Systematicity of Soil Applied Pesticides: Uptake and Translocation
The first classes of pesticides marketed had only contact action. However, by the 1950s many classes of SPs, which were able to enter plants by roots, stem or leaves and be translocated to other parts of the plant have been developed. Many herbicides, insecticides and fungicides have been registered for use in soil to control weed, soil-born diseases, and protect plants from herbivore pests. The standard application methods of soil pre- or post-emergence pesticides have been to be applied in farrow during planting or spray directly to the soil. Granular or liquid formulations were commonly used in the past but have been discontinued due to resistance development, environmental concerns, regulatory and cost reasons. Seed coating with fungicides and insecticides is a well-established young plants protection method form pathogens and pests. Current seed coating technology requires much less active ingredient (0.1–1.5 mg kernel-1 or 10–100 g ha-1) than the respective soil application rates (Taylor et al., 2001; Pataky et al., 2005; Girolami et al., 2009; Krupke et al., 2012). However, a single kernel contains several orders of magnitude more active ingredient than the toxicological endpoints of beneficial organisms (e.g., pollinators). Arguably, however, it is the systemic nature of soil applied pesticides and their long-lasting high concentration that made them so admissible for prophylactic applications mainly by seed coating technologies. Irrespective of their main purpose of use and their mode of action, SPs are translocated through plant and affect many physiological processes (including but not limited to their main target sites). Such collateral effects are well known in fungicides (Zhang et al., 2010; Kumar et al., 2016) insecticides (Kaufman et al., 1971; Dhungana et al., 2016) and herbicides (Fletcher et al., 1996; Cedergreen, 2008). Seed microbiome and seed-associated endophytes that might have co-evolved for millions of years have recently been associated with the establishment of plant microbiome (Johnston-Monje et al., 2016; Khalf and Raizada, 2016; Pitzschke, 2016). However, effects of seed processing and seed coating with pesticides on seed microbiome and respective colonization and establishment of plant microbiome have not been studied yet (Figure 1).
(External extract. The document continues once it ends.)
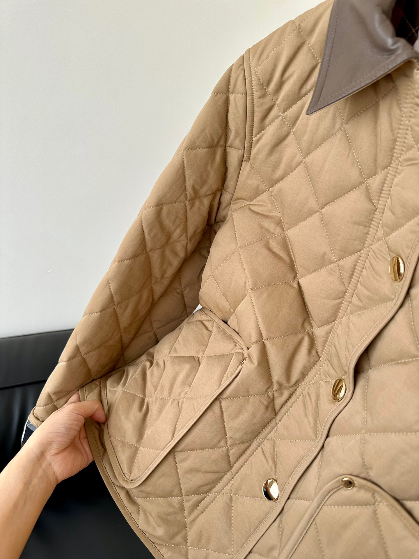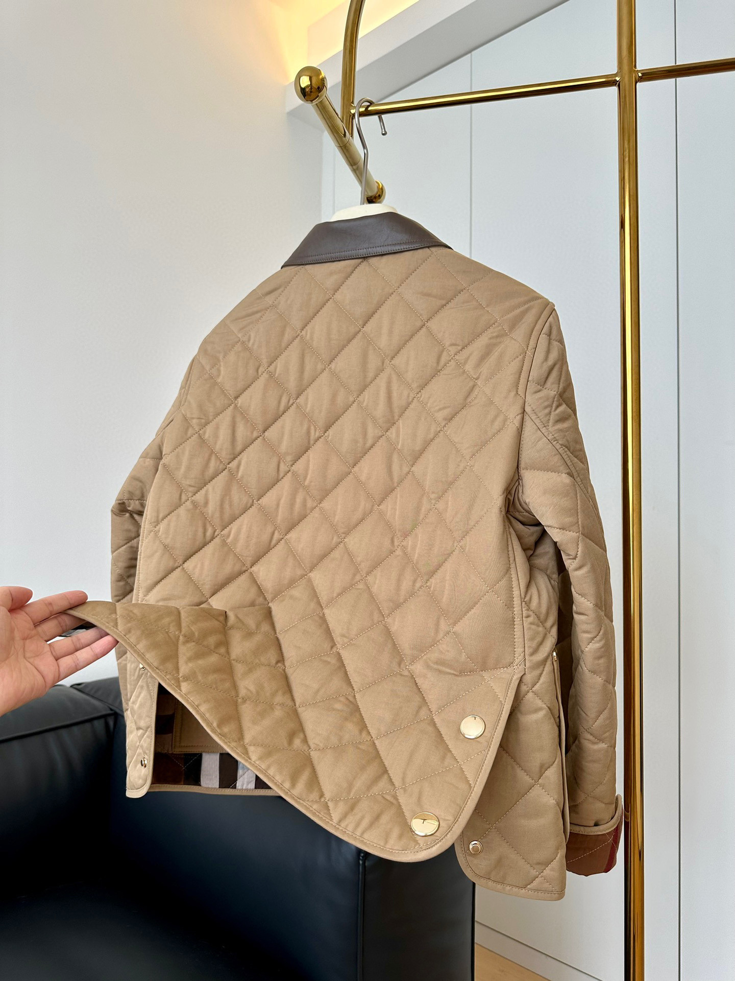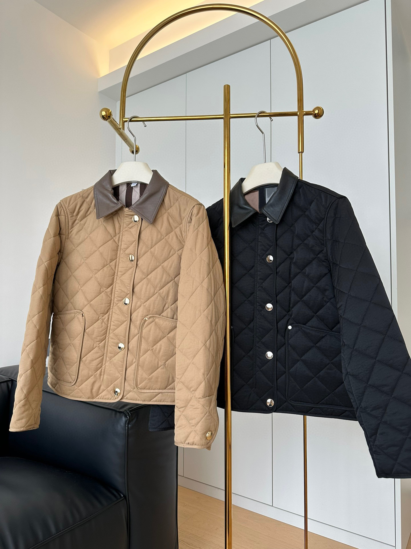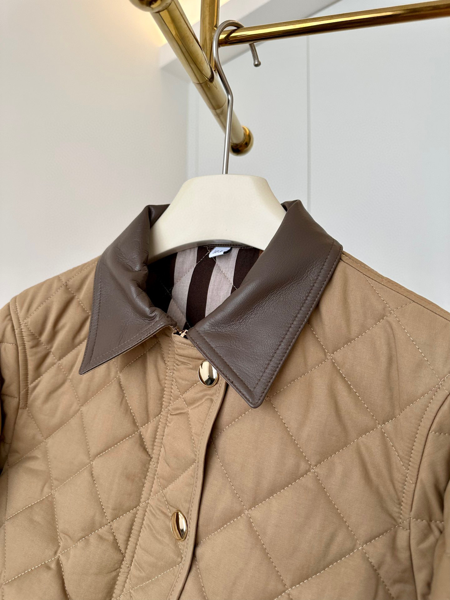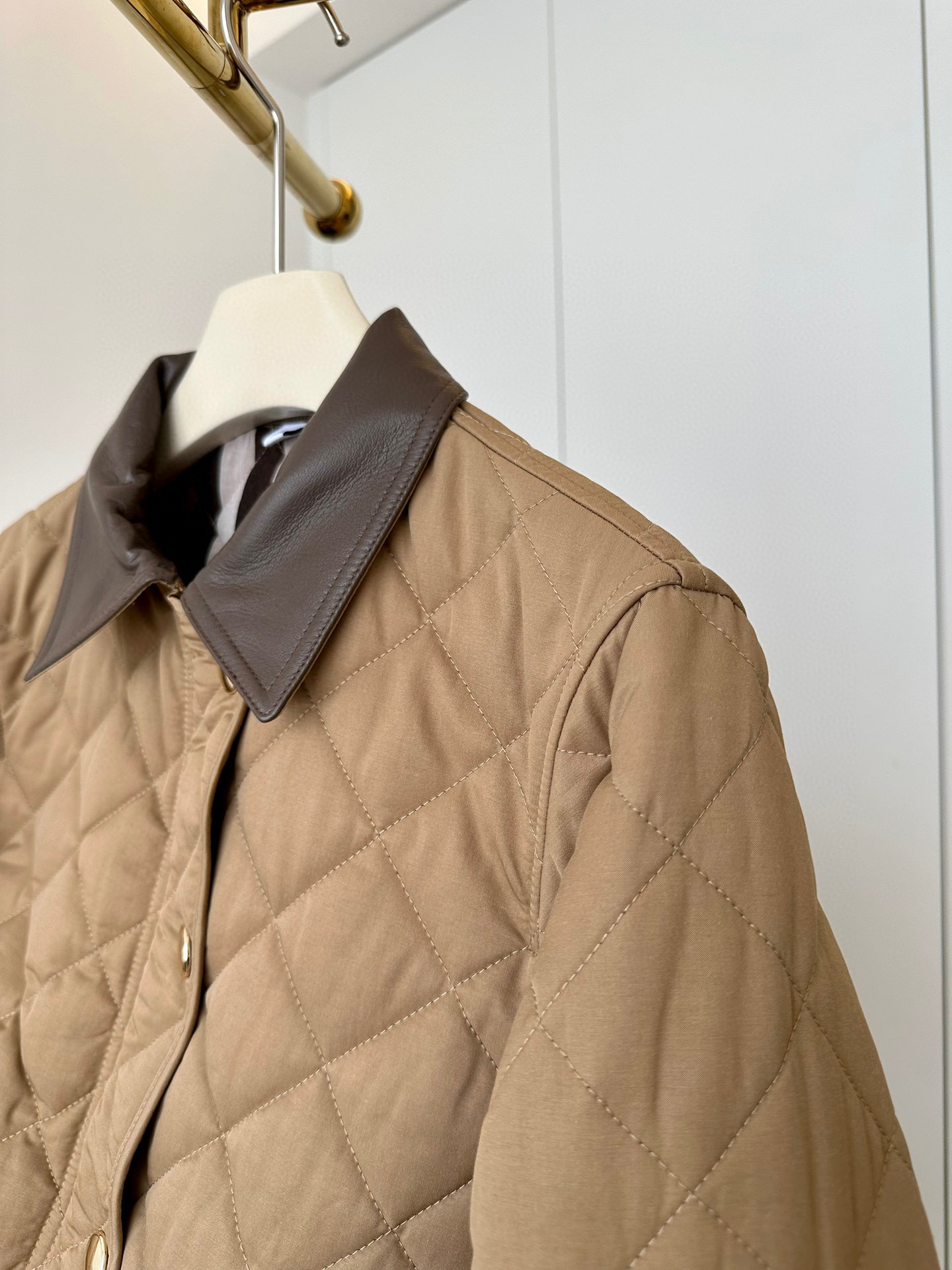 유럽풍 여성복 가을 겨울 신상품 다이아몬드 가죽 칼라 체크무늬 재킷 패딩 코트스토어 가기

Systematicity of pesticides can be increased with the co-formulation with polymers (Dieckmann et al., 2010) or the use of nanomaterials. Unlike conventionally pesticide formulations, nanopesticides and targeted delivery techniques may enhance or give new biological activity to an active ingredient (Figure 1). Nanomaterials can cross plasma membrane, bind with cytoplasmic organelles and interfere with metabolic processes (Jia et al., 2005; Lin and Xing, 2008). Furthermore, there are several studies demonstrating nanoparticle mediated alteration of pesticide uptake and induction of genetic or cell physiological effects (Racuciu and Creanga, 2007; De La Torre-Roche et al., 2012; Hamdi et al., 2015). In addition, nanopesticides can mediate the metabolic profile in root exudates affecting indirectly the plant defense system (Zhao et al., 2016). The uptake and translocation of nanoparticle across root cells involve active and passive transport processes similar to those observed for nutrients, plant exudates, pesticide molecules, and signaling substances involved in plant defense.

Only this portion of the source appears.